Hemo1 might be involved in the biological pretreatment processing toward lignocellulosic biomass and may functionally cooperate with other lignolytic enzymes, such as laccases, peroxidases, and other oxidases, found in the gut system of C. formosanus. As a matter of fact, one of the reaction substrate of Hemo1, Veratryl alcohol, that has a higher redox potential than phenol [20], is the smallest lignin model compound typically used for assessing if an enzyme to modify lignin [21]. The veratryl alcohol oxidase activity exhibited by Hemo1 suggests that it may play a role in lignin modification in the gut system of C. formosanus to assist the in situ lignocellulose pretreatment process [22]. Our data also indicated that H2O2 at 0.1 mM did not have any effect on the enzymatic activities of Hemo1, suggesting that the enzyme uses oxygen as an oxidant, instead of H2O2. This property implies a sharp contrast to that of the recombinant laccase, RfLacA, from another wood-feeding termite, Reticulitermes flavipes [23], which can employ H2O2 as an oxidant.
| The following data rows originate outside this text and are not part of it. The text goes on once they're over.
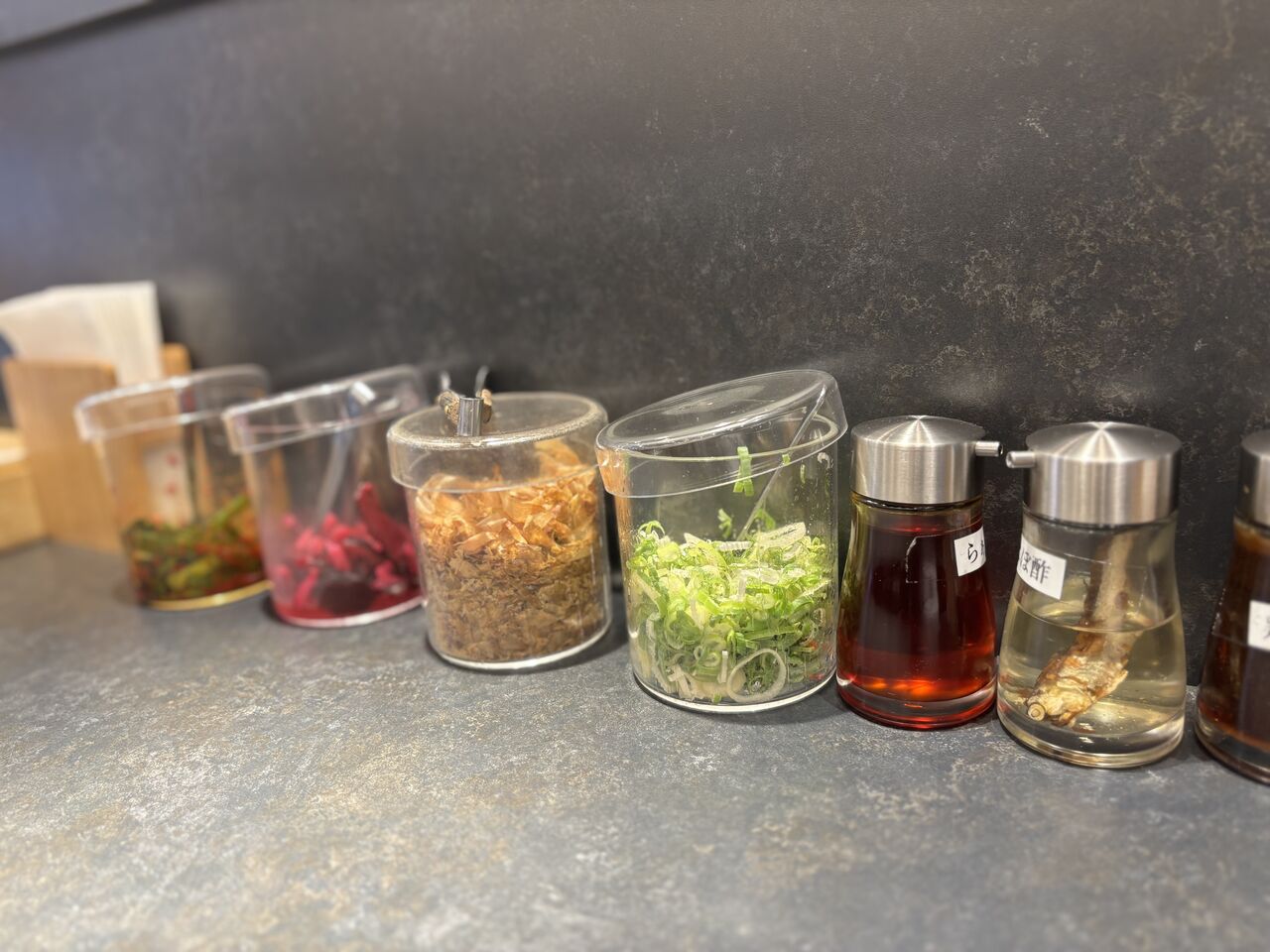 味玉は火入れ具合が丁度良い、しっかりと味が染みて美味しいです。満足度の高い美味しい醤油ラーメンです。一通り味見をしたところで、味変。テーブルの上のトッピングを全て入れてみます。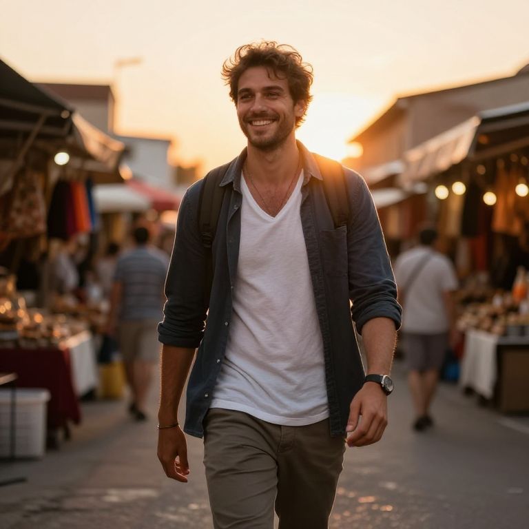 A man, linen v-neck tee, loose-fit lounge pants, soft beige, warm weather, vibrant stalls, fresh produce, aromatic spices, oversaturated film, relaxed smile, enjoying the moment. Man has masculine face and piercing eyes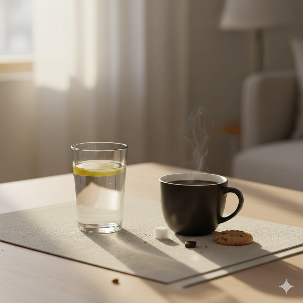 일단 물 마시고 30분 뒤에 커피 마시는 걸로 타협 중인데, 이것도 잘 안 지켜짐.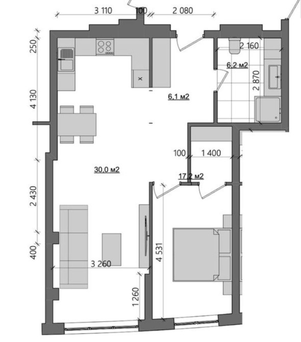- Однокомнатная
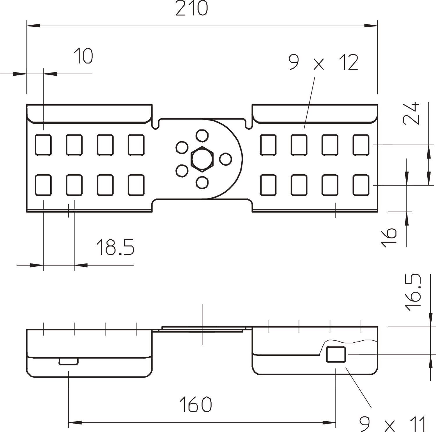 Product descriptionAdjustable connector as external connector to join cable ladders and fittings with a side height of 60 mm and continuous rail perforation. Angle can be adjusted vertically.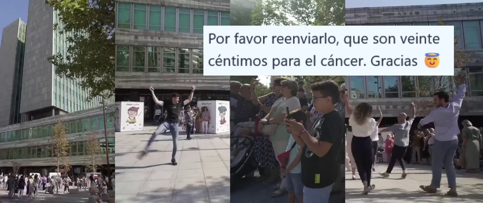 En el vídeo, en el que se ve a un grupo de personas bailar en la calle, se mueve por los canales de mensajería asegurando que si se comparte se donarán 20 céntimos para la lucha contra el cáncer.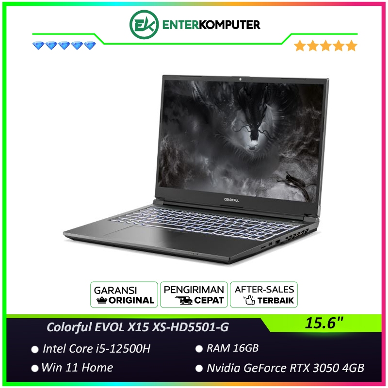 Colorful EVOL X15 XS-HD5501-G - Laptop Core i5-12500H RAM 16GB SSD 512GB RTX 3050 4GB 15.6" FHD 144Hz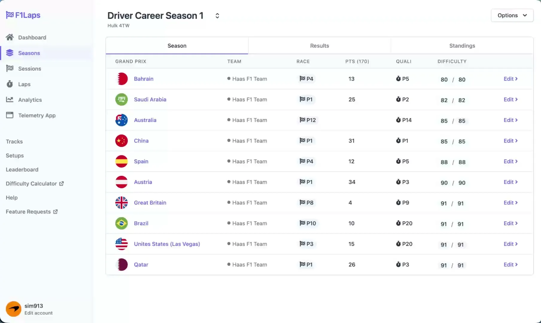 by u/DodgyAu from discussion End of my first season using the F1Laps difficulty calculator. Good battles with Haas, Alfa and Alpine.

In addition, RfLacA does not oxidize ABTS while Hemo1 exhibited a high specific activity toward this substrate. Clearly, these two enzymes mentioned above exhibit important differences in substrate specificity. If these two types of enzymes co-exist in a termite’s gut system, it is likely that they may complement each other to enhance the lignin degradation processing.
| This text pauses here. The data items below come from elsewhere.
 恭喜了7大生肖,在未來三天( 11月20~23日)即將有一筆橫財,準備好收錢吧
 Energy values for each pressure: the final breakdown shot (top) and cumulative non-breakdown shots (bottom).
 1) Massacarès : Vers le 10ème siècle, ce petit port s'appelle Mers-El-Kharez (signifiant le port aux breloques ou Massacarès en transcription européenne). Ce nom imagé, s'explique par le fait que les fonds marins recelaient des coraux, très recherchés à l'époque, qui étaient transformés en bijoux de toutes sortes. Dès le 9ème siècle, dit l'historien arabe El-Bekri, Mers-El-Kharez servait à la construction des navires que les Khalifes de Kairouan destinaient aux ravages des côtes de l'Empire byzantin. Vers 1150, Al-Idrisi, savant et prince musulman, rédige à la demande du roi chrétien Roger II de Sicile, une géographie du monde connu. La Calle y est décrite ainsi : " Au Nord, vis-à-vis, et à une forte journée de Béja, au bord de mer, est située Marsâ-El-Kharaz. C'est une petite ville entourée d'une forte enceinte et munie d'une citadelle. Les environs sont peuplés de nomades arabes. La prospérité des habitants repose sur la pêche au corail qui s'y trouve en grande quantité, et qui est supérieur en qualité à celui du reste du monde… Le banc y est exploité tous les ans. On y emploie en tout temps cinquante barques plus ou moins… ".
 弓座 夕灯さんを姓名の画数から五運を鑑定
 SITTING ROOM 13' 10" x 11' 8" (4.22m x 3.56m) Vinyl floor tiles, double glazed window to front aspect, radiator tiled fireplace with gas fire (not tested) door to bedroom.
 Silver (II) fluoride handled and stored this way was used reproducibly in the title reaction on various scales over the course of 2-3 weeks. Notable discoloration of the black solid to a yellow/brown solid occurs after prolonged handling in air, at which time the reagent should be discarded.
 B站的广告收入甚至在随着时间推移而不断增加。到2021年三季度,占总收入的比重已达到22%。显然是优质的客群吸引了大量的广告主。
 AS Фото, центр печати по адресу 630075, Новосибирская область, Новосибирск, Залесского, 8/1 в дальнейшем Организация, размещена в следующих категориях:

From the evolutionary point of view, arthropod hemocyanins, arthropod phenol oxidases, crustacean pseudohemocyanins, and other insect storage hexamerins are closely related [24], which actually come into a protein superfamily. Hemocyanins are generally a kind of copper-containing proteins, consistent with our observations that 1 mM Cu2+ can significantly (p < 0.05, t test) enhance the ABTS oxidase activity of Hemo1 (Fig. 6). The oxidase activity of many hemocyanins indeed requires activation by detergent or partial proteolysis [24]. However, the native crustacean hemocyanins would exhibit the oxidase activities without adding any detergent or proteolysis [14]. Similarly, the ABTS oxidase activity of Hemo1 from C. formosanus did not require any activation processing by SDS treatment to enhance its activity. The limited chelating effect of EDTA to the activities of Hemo1 in Fig. 6 was probably due to the low pH value (2.5) greatly limiting its chelating effect, the interference of glycine buffer to EDTA, as well as the intrinsic stable binding between Hemo1 and copper ions.

Annotations of the mRNA sequence databases of C. formosanus and other wood-feeding termites, such as R. flavipes and Zootermopsis nevadensis, reveal that there are at least two hemocyanin-like proteins in these wood-feeding insects [25, 26], which suggested that hemocyanins indeed exist in these kinds of wood-feeding termites, and their lignin-modification functions for biomass pretreatment might be prevalence [27]. However, it is not clear whether or not all of these hemocyanin-like proteins have the similar functions to degrade the recalcitrant lignin compounds in woody biomass. More studies are needed for better understanding of their biological functions, particularly for why the unique duplicated hemocyanins exist in these wood-feeding insects.

Wood-feeding termites are among the most efficient natural biomass deconstructing systems, which can utilize not only cellulose and hemicellulose polysaccharides, but also some aromatic lignin polymers with its unique enzyme complex [27, 28]. The novel lignolytic enzyme, Hemo1, may play a specific and inevitable role in the biomass pretreatment processing in the gut system of C. formosanus. Examination of lignolytic enzyme constitutes and their responsible functions in the wood-feeding termites, in order to identify the novel mechanisms in biomass pretreatment processing, may be the main focus in the future to develop the nature-inspired technology for further improving managed industrial processing in biomass conversion [27].